La publication du guide, le résultat d’une dynamique mondiale

Des travaux internationaux et européens sont publiés régulièrement concernant l’utilisation de l’IA, l’encadrement de l’usage et le renforcement des capacités humaines ainsi que l’accompagnement de la transformation du marché du travail. Cela suscite une dynamique dans laquelle la publication de la stratégie en juin 2024 par la DGAFP s’ancre.

Le guide souligne que l’OCDE estimait en 2019 que « dans quelques années seulement, il sera possible de libérer près d’un tiers du temps des fonctionnaires, leur permettant ainsi de passer de tâches banales à un travail à haute valeur ajoutée ». Il ajoute que cela pourrait également amener à renforcer les capacités des agents publics.

Le guide met en évidence qu’un règlement sur l’IA négocié depuis 2021 et adopté le 21 mai 2024 « donne une vision européenne de l’IA fondée sur l’éthique et la gestion des risques d’utilisation de cette technologie, qui, concernant en particulier la formation professionnelle, l’emploi et les ressources humaines, sont considérés comme élevés ».

Pour appuyer encore cette dynamique la DGAFP démontre qu’un accord européen sur la transformation numérique signé en octobre 2022 « intègre les enjeux liés à l’utilisation de l’IA dans les fonctions publiques européennes ».

Fixation d’un cadre d’usage pour l’intégration et l’utilisation de l’IA en GRH

Le Général de corps d’armée, adjoint du directeur des ressources humaines du ministère des Armées souligne que « l’intégration de l’IA dans les pratiques professionnelles du secteur public est un gage d’attractivité pour les générations les plus jeunes ».

Le Chef de projet Gestion et emploi publics au sein de la Direction de la gouvernance publique de l’OCDE souligne que « l’IA est aujourd’hui utilisée dans les fonctions publiques pour de la reconnaissance de données et de motifs de comportements à des fins de prévision et de production de supports d’interaction avec l’humain ».

Une nécessité de développer une gouvernance de et avec, et non par, l’IA dans les organisations de travail est mise en exergue.

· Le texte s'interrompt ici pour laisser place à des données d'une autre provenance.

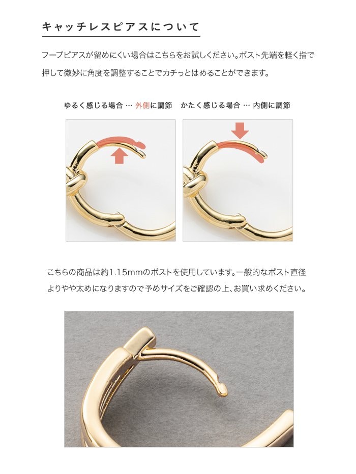 ピアス 金属アレルギー ニッケルフリー レディース キャッチレス 中折れ 開閉式 ワンタッチ フープ ツイスト レイヤード風 cream dot ゆうパケット [ミックスシルバー_ピアス]

Effectivement l’IA amènera à une adaptation de l’organisation du temps de travail. Le rapport souligne que trois outils potentiels de GRH utilisant l’IA peuvent être développés :

  • Le coach virtuel (pour les agents) afin de donner des recommandations contextuelles de formation et d’apprentissage personnalisé.
  • L’assistant managérial numérique (pour les managers) pour la rédaction de fiches de postes notamment.
  • L’outil numérique d’appui à la GRH (pour les gestionnaires RH) avec comme fonctions l’analyse des résultats des enquêtes internes, l’identification des compétences émergentes.

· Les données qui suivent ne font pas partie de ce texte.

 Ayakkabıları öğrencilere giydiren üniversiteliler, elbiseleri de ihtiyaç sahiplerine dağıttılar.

A la fin du rapport, un cadre d’usage ressort. Celui-ci se découpe en trois points :

  1. Intégration et utilisation de l’IA

Dans ce point l’idée serait notamment d’identifier les responsables des technologies et méthodologies d’IA, identifier les fonctions pouvant exploiter l’IA et les objectifs à atteindre pour la structure et ses RH en utilisant l’IA, définir des méthodologies d’exploitations de l’IA et des données.

  1. « GPEEC de l’IA »

Ce point vise à estimer les besoins actuels et futurs en compétences RH en IA et en compétences complémentaires, estimer les effets de l’IA sur les métiers et emplois RH. Les emplois sont primordiaux puisque cela aurait aussi pour but d’attirer et recruter des profils formés à l’IA pour accompagner et encadrer son utilisation.

  1. Formation et accompagnement des agents

Le but serait d’acculturer et former les managers et agents à l’IA et ses usages, de créer un référentiel de règles au croisement de l’éthique RH et de l’éthique numérique mais également d’accompagner les agents dans leurs responsabilités renouvelées et le développement de leur agentivité dans l’utilisation de l’IA.

Pour autant, il est intéressant de noter que la sous-directrice de la synthèse statutaire, des politiques territoriales et des partenariats de la DGAFP met en évidence le fait que « la définition d’un cadre d’usage de l’IA suppose un dialogue social ».